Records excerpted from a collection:
┄┄┄┄┄┄┄┄┄┄┄┄┄┄┄┄┄┄┄┄

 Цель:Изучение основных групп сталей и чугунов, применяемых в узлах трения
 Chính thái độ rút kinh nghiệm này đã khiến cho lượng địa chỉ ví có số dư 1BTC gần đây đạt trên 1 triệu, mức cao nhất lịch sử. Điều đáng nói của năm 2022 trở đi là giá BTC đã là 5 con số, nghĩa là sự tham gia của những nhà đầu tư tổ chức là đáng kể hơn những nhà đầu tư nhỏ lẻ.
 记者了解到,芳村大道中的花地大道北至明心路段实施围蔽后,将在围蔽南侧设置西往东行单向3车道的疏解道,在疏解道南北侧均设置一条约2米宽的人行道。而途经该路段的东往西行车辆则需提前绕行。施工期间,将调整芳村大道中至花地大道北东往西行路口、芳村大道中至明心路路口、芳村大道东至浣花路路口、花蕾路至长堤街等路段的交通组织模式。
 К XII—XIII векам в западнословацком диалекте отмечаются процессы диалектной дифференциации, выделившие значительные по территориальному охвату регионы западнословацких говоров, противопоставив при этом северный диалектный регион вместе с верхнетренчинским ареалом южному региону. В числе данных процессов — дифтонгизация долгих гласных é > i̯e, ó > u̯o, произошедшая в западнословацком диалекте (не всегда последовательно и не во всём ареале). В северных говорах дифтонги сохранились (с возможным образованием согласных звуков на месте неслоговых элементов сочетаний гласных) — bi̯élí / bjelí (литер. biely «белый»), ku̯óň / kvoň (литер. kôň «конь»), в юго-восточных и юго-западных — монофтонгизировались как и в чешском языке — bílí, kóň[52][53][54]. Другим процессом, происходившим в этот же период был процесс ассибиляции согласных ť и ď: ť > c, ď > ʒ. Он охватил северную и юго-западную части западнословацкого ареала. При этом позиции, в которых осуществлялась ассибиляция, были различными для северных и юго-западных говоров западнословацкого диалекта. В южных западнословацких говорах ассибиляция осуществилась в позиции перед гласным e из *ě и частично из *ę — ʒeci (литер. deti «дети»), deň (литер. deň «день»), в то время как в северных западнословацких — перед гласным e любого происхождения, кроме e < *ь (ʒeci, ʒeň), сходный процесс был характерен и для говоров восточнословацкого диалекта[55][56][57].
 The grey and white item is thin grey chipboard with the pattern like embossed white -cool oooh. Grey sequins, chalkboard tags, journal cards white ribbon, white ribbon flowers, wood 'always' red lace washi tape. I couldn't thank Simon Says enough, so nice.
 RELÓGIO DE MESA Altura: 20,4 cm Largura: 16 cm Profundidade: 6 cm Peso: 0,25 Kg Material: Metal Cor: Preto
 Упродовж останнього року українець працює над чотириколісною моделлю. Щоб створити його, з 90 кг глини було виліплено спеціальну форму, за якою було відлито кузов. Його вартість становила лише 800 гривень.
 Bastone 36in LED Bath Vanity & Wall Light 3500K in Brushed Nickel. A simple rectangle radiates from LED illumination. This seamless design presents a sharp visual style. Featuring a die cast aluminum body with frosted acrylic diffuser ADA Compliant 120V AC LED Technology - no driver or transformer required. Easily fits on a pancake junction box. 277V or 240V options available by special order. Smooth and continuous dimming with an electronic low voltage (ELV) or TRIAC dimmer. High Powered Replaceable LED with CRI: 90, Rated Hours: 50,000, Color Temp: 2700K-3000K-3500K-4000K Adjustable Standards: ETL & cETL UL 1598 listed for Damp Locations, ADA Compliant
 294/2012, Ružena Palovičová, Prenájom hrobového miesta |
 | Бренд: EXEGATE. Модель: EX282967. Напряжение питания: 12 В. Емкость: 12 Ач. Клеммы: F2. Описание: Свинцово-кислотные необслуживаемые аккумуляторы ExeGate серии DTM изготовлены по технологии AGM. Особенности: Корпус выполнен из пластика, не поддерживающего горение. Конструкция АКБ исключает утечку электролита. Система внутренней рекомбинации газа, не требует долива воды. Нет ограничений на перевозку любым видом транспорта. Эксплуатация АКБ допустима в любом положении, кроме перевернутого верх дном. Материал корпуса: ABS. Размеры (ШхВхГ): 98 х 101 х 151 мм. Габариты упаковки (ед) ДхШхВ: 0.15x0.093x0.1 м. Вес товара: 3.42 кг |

┄┄┄┄┄┄┄┄┄┄┄┄┄┄┄┄┄┄┄┄

- EXERCISE -
Please copy out every entry exactly, with nothing omitted.

- REPLY TO THE EXERCISE -
 Цель:Изучение основных групп сталей и чугунов, применяемых в узлах трения
 Chính thái độ rút kinh nghiệm này đã khiến cho lượng địa chỉ ví có số dư 1BTC gần đây đạt trên 1 triệu, mức cao nhất lịch sử. Điều đáng nói của năm 2022 trở đi là giá BTC đã là 5 con số, nghĩa là sự tham gia của những nhà đầu tư tổ chức là đáng kể hơn những nhà đầu tư nhỏ lẻ.
 记者了解到,芳村大道中的花地大道北至明心路段实施围蔽后,将在围蔽南侧设置西往东行单向3车道的疏解道,在疏解道南北侧均设置一条约2米宽的人行道。而途经该路段的东往西行车辆则需提前绕行。施工期间,将调整芳村大道中至花地大道北东往西行路口、芳村大道中至明心路路口、芳村大道东至浣花路路口、花蕾路至长堤街等路段的交通组织模式。
 К XII—XIII векам в западнословацком диалекте отмечаются процессы диалектной дифференциации, выделившие значительные по территориальному охвату регионы западнословацких говоров, противопоставив при этом северный диалектный регион вместе с верхнетренчинским ареалом южному региону. В числе данных процессов — дифтонгизация долгих гласных é > i̯e, ó > u̯o, произошедшая в западнословацком диалекте (не всегда последовательно и не во всём ареале). В северных говорах дифтонги сохранились (с возможным образованием согласных звуков на месте неслоговых элементов сочетаний гласных) — bi̯élí / bjelí (литер. biely «белый»), ku̯óň / kvoň (литер. kôň «конь»), в юго-восточных и юго-западных — монофтонгизировались как и в чешском языке — bílí, kóň[52][53][54]. Другим процессом, происходившим в этот же период был процесс ассибиляции согласных ť и ď: ť > c, ď > ʒ. Он охватил северную и юго-западную части западнословацкого ареала. При этом позиции, в которых осуществлялась ассибиляция, были различными для северных и юго-западных говоров западнословацкого диалекта. В южных западнословацких говорах ассибиляция осуществилась в позиции перед гласным e из *ě и частично из *ę — ʒeci (литер. deti «дети»), deň (литер. deň «день»), в то время как в северных западнословацких — перед гласным e любого происхождения, кроме e < *ь (ʒeci, ʒeň), сходный процесс был характерен и для говоров восточнословацкого диалекта[55][56][57].
 The grey and white item is thin grey chipboard with the pattern like embossed white -cool oooh. Grey sequins, chalkboard tags, journal cards white ribbon, white ribbon flowers, wood 'always' red lace washi tape. I couldn't thank Simon Says enough, so nice.
 RELÓGIO DE MESA Altura: 20,4 cm Largura: 16 cm Profundidade: 6 cm Peso: 0,25 Kg Material: Metal Cor: Preto
 Упродовж останнього року українець працює над чотириколісною моделлю. Щоб створити його, з 90 кг глини було виліплено спеціальну форму, за якою було відлито кузов. Його вартість становила лише 800 гривень.
 Bastone 36in LED Bath Vanity & Wall Light 3500K in Brushed Nickel. A simple rectangle radiates from LED illumination. This seamless design presents a sharp visual style. Featuring a die cast aluminum body with frosted acrylic diffuser ADA Compliant 120V AC LED Technology - no driver or transformer required. Easily fits on a pancake junction box. 277V or 240V options available by special order. Smooth and continuous dimming with an electronic low voltage (ELV) or TRIAC dimmer. High Powered Replaceable LED with CRI: 90, Rated Hours: 50,000, Color Temp: 2700K-3000K-3500K-4000K Adjustable Standards: ETL & cETL UL 1598 listed for Damp Locations, ADA Compliant
 294/2012, Ružena Palovičová, Prenájom hrobového miesta |
 | Бренд: EXEGATE. Модель: EX282967. Напряжение питания: 12 В. Емкость: 12 Ач. Клеммы: F2. Описание: Свинцово-кислотные необслуживаемые аккумуляторы ExeGate серии DTM изготовлены по технологии AGM. Особенности: Корпус выполнен из пластика, не поддерживающего горение. Конструкция АКБ исключает утечку электролита. Система внутренней рекомбинации газа, не требует долива воды. Нет ограничений на перевозку любым видом транспорта. Эксплуатация АКБ допустима в любом положении, кроме перевернутого верх дном. Материал корпуса: ABS. Размеры (ШхВхГ): 98 х 101 х 151 мм. Габариты упаковки (ед) ДхШхВ: 0.15x0.093x0.1 м. Вес товара: 3.42 кг |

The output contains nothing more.